Cut about 1 tbsp of ginger in julienne form, and mince 6-7 cloves of garlic. Heat a little oil in another pan,
for sautéing the veggies. So first sauté both the ginger and garlic in oil. Make it fragrant. Then sauté in the
following order: 6-7 dry round red chillis; 1 chopped carrot; a few minutes later, 1 chopped capsicum; a
minute later, 1 chopped onion; then add ¼ cup of peanuts.

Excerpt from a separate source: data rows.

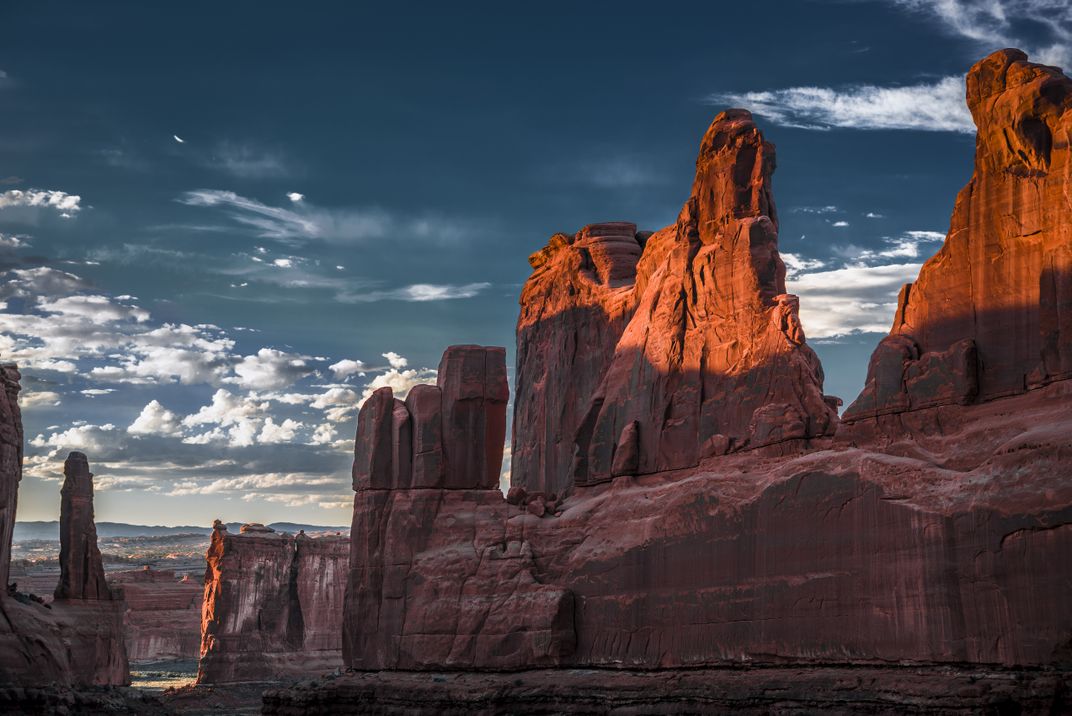 Late evening sunlight falling on the Courthouse Towers at Arches National Park, Utah.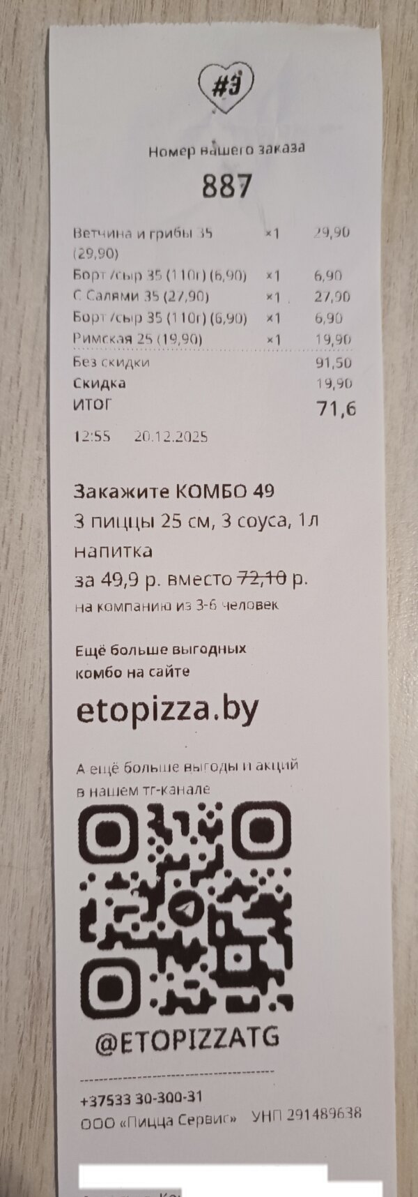 С уважением, администрация заведения «Этопицца Солигорск»!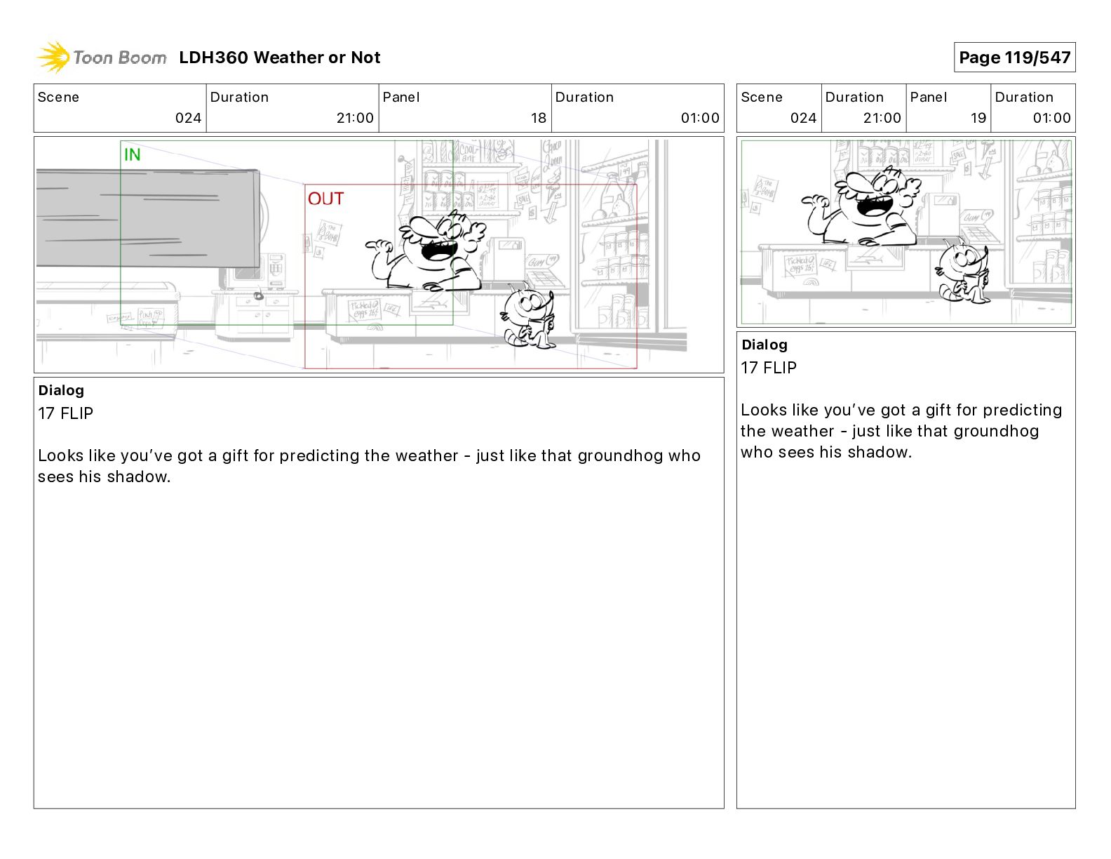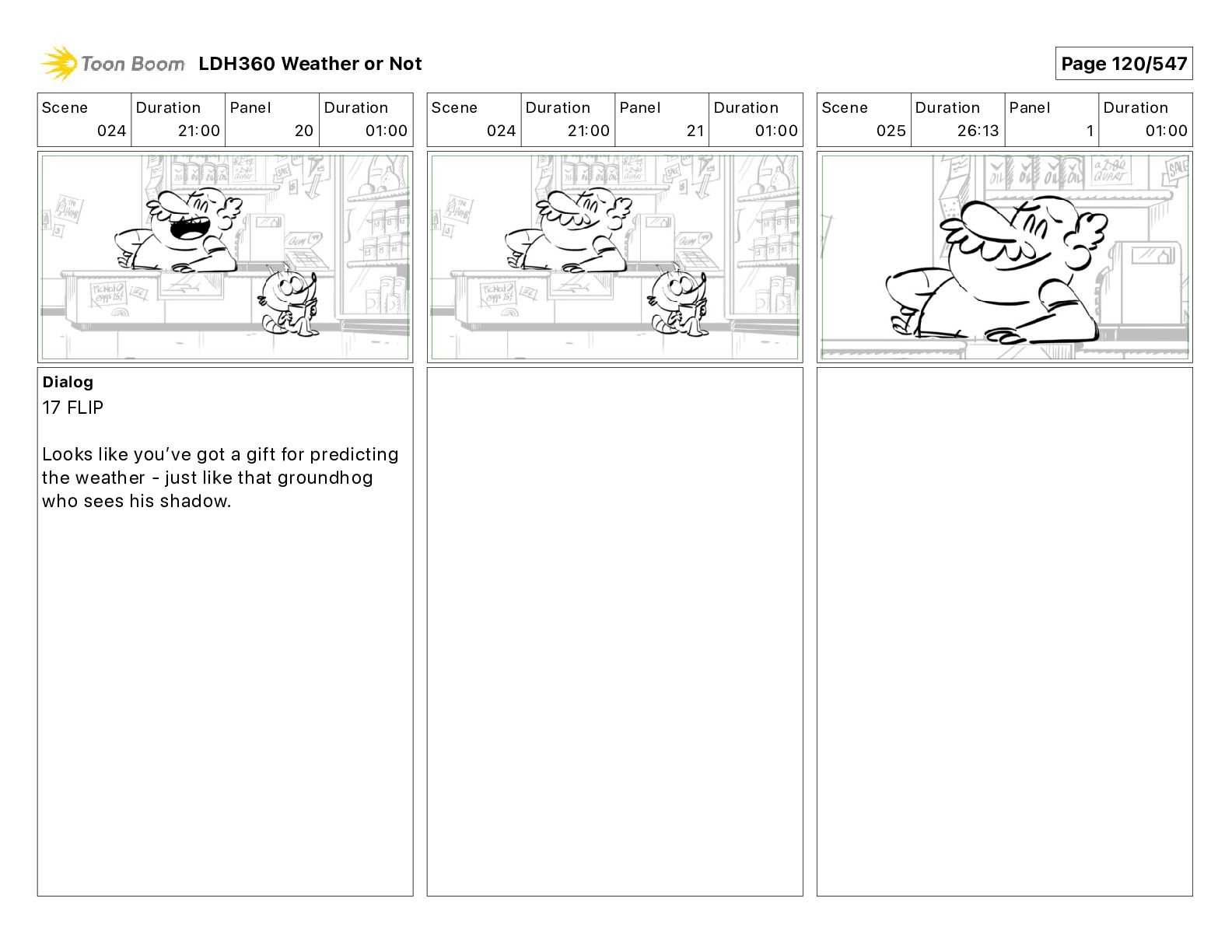 Dialog 17 FLIP Looks like youʼve got a gift for predicting the weather - just like that groundhog who sees his shadow. Scene 024 Duration 21 00 Panel 21 Duration 01 00 Scene 025 Duration 26 13 Panel 1 Duration 01 00 LDH360 Weather or Not Page 120/547

All the veggies should have a nice gloss on them
and should be crunchy and firm. Keep all the items aside when sautéed.

Heat enough water for making gravy, in a separate pot and when it is boiling, add the 1 – 1 ½ tbsp
cornflour-water mixture. Make it thick. Then add the fried chicken and the following spices: the sautéed
ginger and garlic from before, 1 tsp sugar, ¼ tsp wpp, salt, 1 chicken stock cube, 2-3 tbsp SS, 2 tbsp WS, 2
tbsp OS and 2 tbsp rcp/crushed red chillis. Cook the gravy for 5-10 mins on high heat, so that the chicken is
cooked through. Check the taste. Add more cornflour and spices if needed. The gravy taste will become
diluted when the veggies are added; so make sure that the gravy spice level is a little extra. The Kung Pao
gravy should be on the dry side.

Just before serving and when the gravy is still hot, put in the veggies: sabut red chillis, peanuts, capsicum,
onions and carrots, so that they don’t become soft and remain crunchy. When the gravy taste is perfect,
add 1 tsp sesame seed oil last on top and mix. Dish it out and serve hot.